La laïcité en débat

Le Concordat en Alsace-Moselle, une épine dans le pied de la République

Opinions Hyperdebat propose un débat méthodique sur l'avenir du Concordat en Alsace-Moselle. Après avoir classé les arguments des uns et des autres et tenté de mettre la question en perspective, le facilitateur donne ici son point de vue.

Religions – État : des relations compliquées (Crédit photo : Lucy Nieto, Flickr)

Le Concordat est indéniablement une épine dans le pied de la République. Discrète, peu visible, elle commence à faire mal. Le Concordat met en effet à mal deux grands principes républicains, le principe de laïcité et le principe d’égalité, celui-ci doublement, car il introduit des inégalités entre régions et entre religions. L’islam, il faut le rappeler, ne bénéficie pas du régime local des cultes.

Un débat régional aux implications nationales

Le débat reste pour l’instant limité aux départements et aux milieux directement concernés, mais, à l’image du débat sur le mariage gay, il pourrait venir sur le devant de l’actualité française.

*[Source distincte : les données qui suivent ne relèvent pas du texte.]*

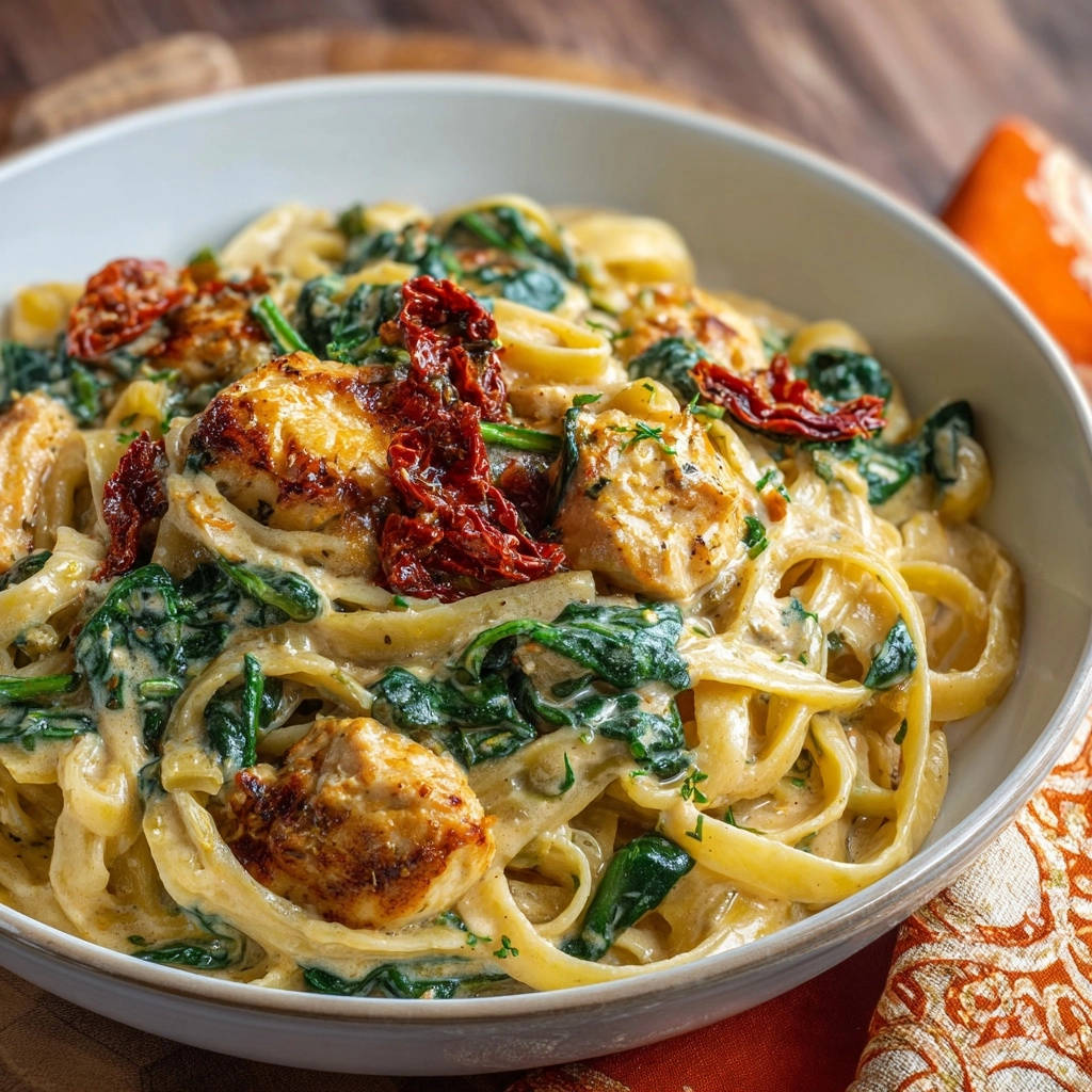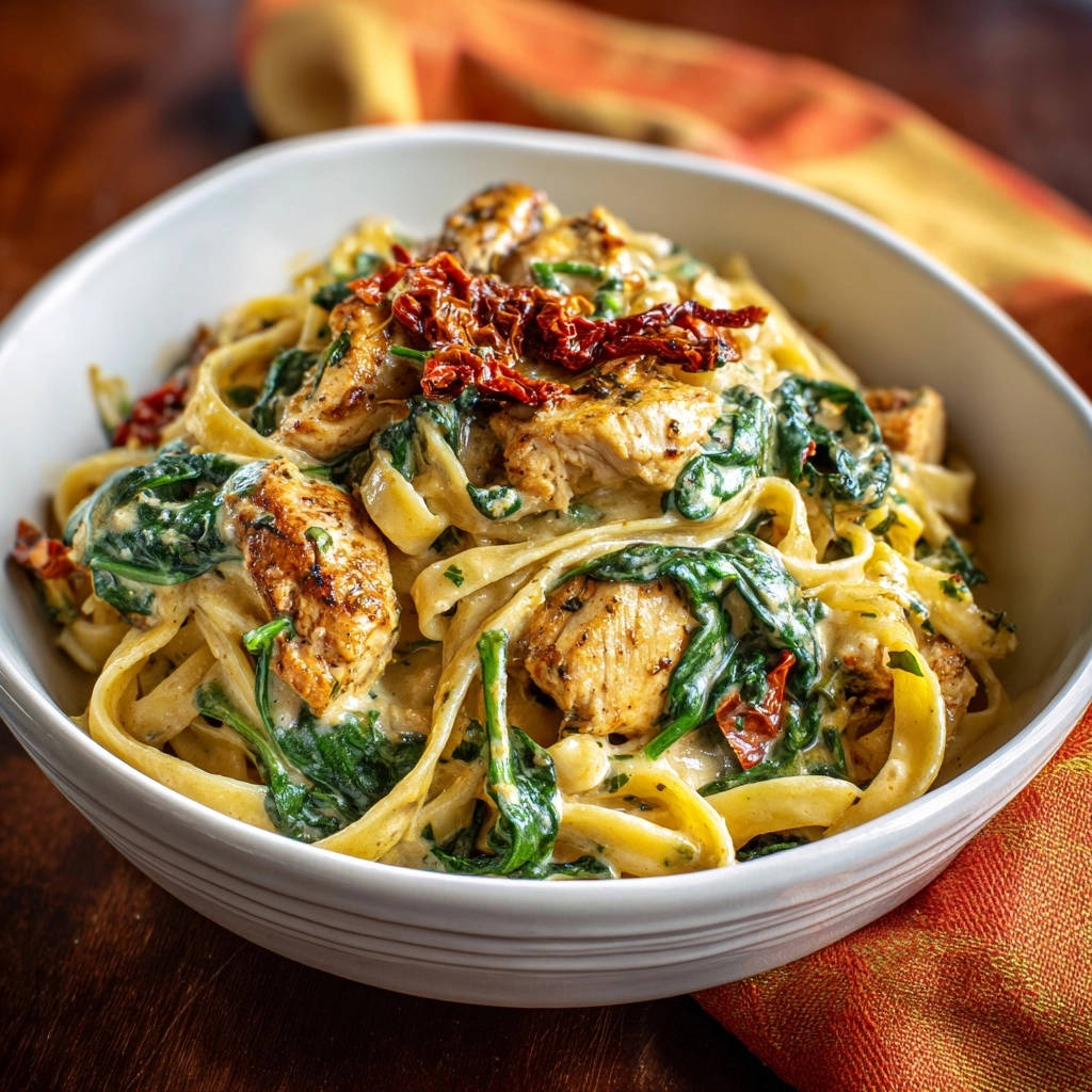 Cremige Hähnchen-Spinat-Pasta mit getrockneten Tomaten
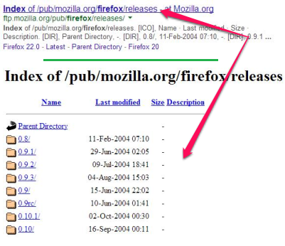 I would like to get the directory listing of all websites with “Firefox”. I would do it like this:
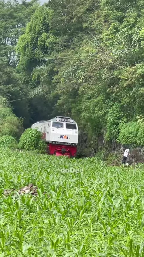 Kereta Api muncul dari celah tebing diatas bukit. Inframe: KA Parcel/kargo #kereta #railway #railfansindonesia #trainspotting #pppppppppppppppppppppp
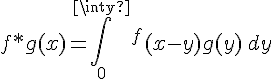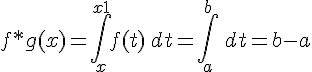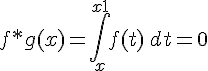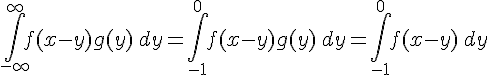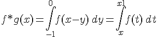 h(x)= intégrale (-infini à + infini) f(x-y) g(y) dy = intégrale (-1 à 0) f(x-y)dy = intégrale (x à x+1) f(t)dt
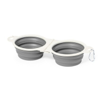 Podwójna miska dla psa z elementami ze słomy pszenicznej, składana, karabińczyk
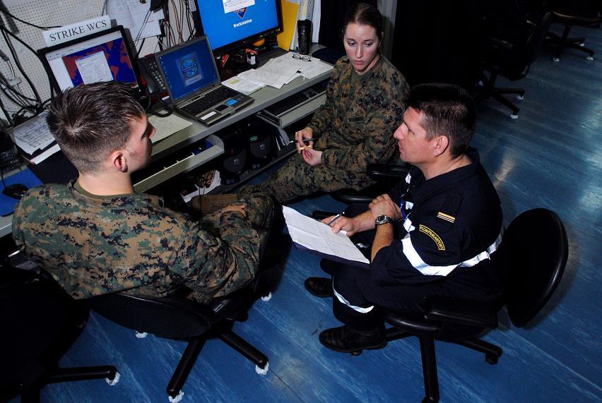 Le Sgt. Ryan Phelan et le 1er Lt. Arianne Boldizar discutent des opérations de la coalition avec le MP Pascal Gonzalez du porte-avions français Charles de Gaulle au centre de renseignement du porte-avions américain USS John C. Stennis. Photo U.S. Navy, Paul J. Perkins, tous droits réservés
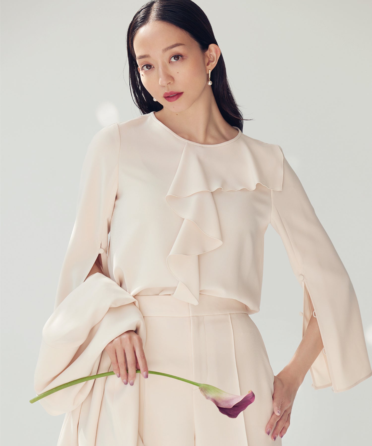 ・ストレッチクロスアシメフリルブラウス ¥29,700(税込)
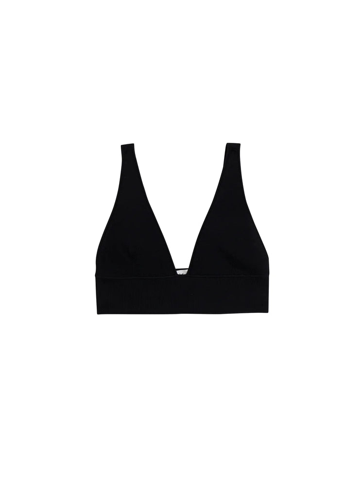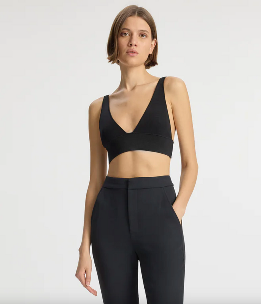 The Ella Bra is crafted from our signature compact knit yarn with a slight sheen, featuring a V-neckline and inch-wide shoulder straps for versatile layering
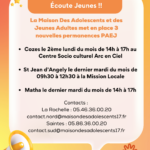 - 📢 On parle de la MDAJA17 !La Maison des Adolescent·es / Point Accueil Écoute Jeunes est à l’honneur dans Vidici Saintes… Lire la suite : 📢 On parle de la MDAJA17 !
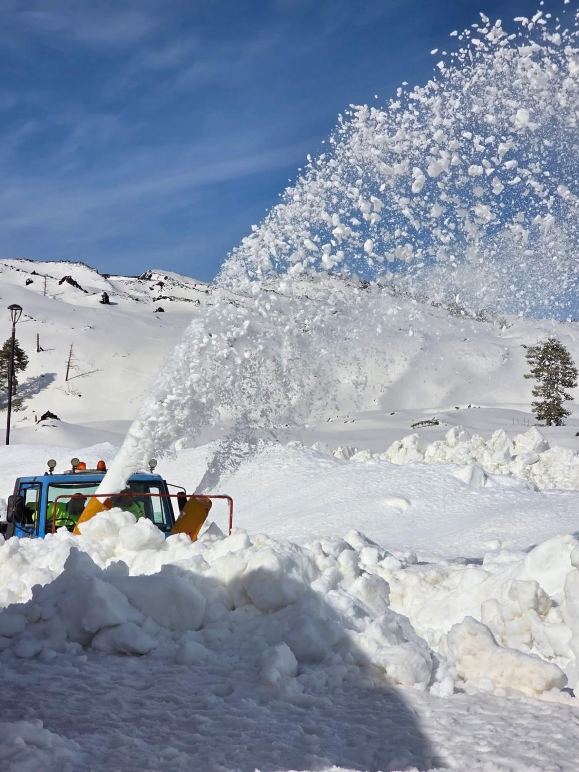 Scenario analogo, se non peggiore, quello che si sono trovati di fronte gli spazzaneve o meglio trattori il 29 gennaio scorso nella zona dei Crateri Silvestri, sempre sull’Etna, a circa 2000 metri di quota.
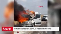 Hareket halindeyken alev alan yolcu minibüsü yandı

D’autant qu’il est la clef d’un des engagements de campagne de François Hollande : inscrire la loi de 1905 de séparation des églises et de l’État dans la constitution.

Bien que François Hollande ait assuré qu’il ne toucherait pas au Concordat, les experts en droit constitutionnel affirment qu’il est incompatible avec le projet présidentiel et qu’il devra être sacrifié.

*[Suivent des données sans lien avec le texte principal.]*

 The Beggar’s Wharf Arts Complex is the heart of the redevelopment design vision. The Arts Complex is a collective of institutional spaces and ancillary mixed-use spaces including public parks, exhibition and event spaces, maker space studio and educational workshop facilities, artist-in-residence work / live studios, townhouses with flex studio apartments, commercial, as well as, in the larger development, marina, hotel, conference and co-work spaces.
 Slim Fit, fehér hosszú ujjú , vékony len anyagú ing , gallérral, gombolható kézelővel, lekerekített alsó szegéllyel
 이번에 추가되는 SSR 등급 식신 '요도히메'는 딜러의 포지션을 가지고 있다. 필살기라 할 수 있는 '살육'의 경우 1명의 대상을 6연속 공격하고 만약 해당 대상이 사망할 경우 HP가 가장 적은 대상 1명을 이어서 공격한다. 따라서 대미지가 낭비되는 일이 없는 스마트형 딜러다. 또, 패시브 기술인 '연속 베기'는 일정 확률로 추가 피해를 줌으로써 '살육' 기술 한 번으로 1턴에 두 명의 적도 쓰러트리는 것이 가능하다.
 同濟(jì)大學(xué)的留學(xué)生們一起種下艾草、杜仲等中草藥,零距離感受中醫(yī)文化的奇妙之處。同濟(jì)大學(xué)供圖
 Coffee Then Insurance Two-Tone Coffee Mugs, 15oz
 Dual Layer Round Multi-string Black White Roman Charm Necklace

En Alsace-Moselle, où le Concordat est bien ancré, les parties prenantes sont conscientes de sa précarité et s’en inquiètent.

Les autorités religieuses, catholiques, protestants et juifs, y sont plus qu’attachées, elles le défendent pied à pied. Non sans contradictions. Rares en effet sont les voix chez les chrétiens à vouloir « rendre à César ce qui est à César » comme l’enseignait Jésus. Et si le Concordat a tant de vertus, pourquoi les églises ne revendiquent-elles pas son extension au reste de la France ? Si les religions arrivent à vivre ailleurs sans ce financement de l’État, pourquoi ne le pourraient-elles pas en Alsace Moselle ? A cela elles répondent à l’unisson des politiques, y compris de gauche, que ce n’est pas qu’une affaire de financement. Que le Concordat permet une qualité de dialogue sans égale, non seulement entre les religions et les pouvoirs publics, mais aussi entre les différentes religions (l’islam en est pourtant exclu). Et qu’il ne va pas à l’encontre de la laïcité, mais constitue une autre forme de laïcité.

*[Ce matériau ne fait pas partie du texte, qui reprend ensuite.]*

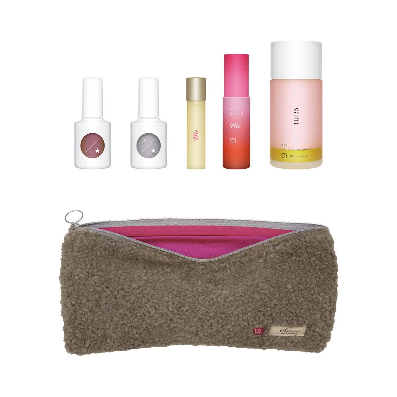 セット内容:uka nail oil me、uka kira kira study 1/kira or 2/kira、uka nail color remover 18:25、sanca×uka オリジナルポーチ付き
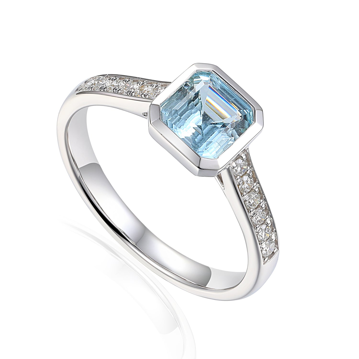 Step Cut Octagon Gemstone & Diamond Rubover Ring

Direction Concorde ? Crédit : Olivier Bruchez

Concordat : discorde ou concorde ?
(La station de métro Concorde à Paris. Crédit photo : Olivier Bruchez, Flickr)

Une laïcité à redéfinir

L’argument n’est pas infondé. Pourquoi en effet ne financerait-on pas les religions ? La plupart des pays financent bien les sports ! Pourquoi être attentif à la santé physique des citoyens et pas à leur équilibre spirituel ? Sur quels fondements l’État s’arroge-t-il le droit de juger de ce qui est bon ou mauvais pour les citoyens ?

La Belgique considère que cela vaut la peine de soutenir les religions. Mais non sans un certain malaise, car, tout en poussant assez loin le principe de neutralité – jusqu’à financer des organisations laïques – le système a du mal à évoluer pour coller aux évolutions de la société.

La France s’y refuse par principe, mais le fait quand même (lien) (par exemple en accordant une réduction d’impôt d’un montant égal à 2/3 des dons aux organisations religieuses)

Le débat sur le Concordat pose en fait deux questions fondamentales :

  • Qu’est-ce que la République peut ou doit financer ? Quelles sont les frontières de l’intervention publique ?
  • Si on choisit de subventionner, comment le fait-on et sur quels critères ? Peut-on par exemple exclure des groupes minoritaires sous prétexte de risques de dérives sectaires ?

Sur le papier, les positions de la France et de la Belgique sont diamétralement opposées, mais sont-elles si éloignées que cela dans les faits ? Le temps n’est-il pas venu d’un peu plus de clarté et de courage, de faire enfin ce que l’on dit et de le faire vraiment ou de dire ce que l’on fait ?

On peut marcher avec une épine dans le pied, mais si on ne fait rien, il arrive un moment où on ne peut plus avancer.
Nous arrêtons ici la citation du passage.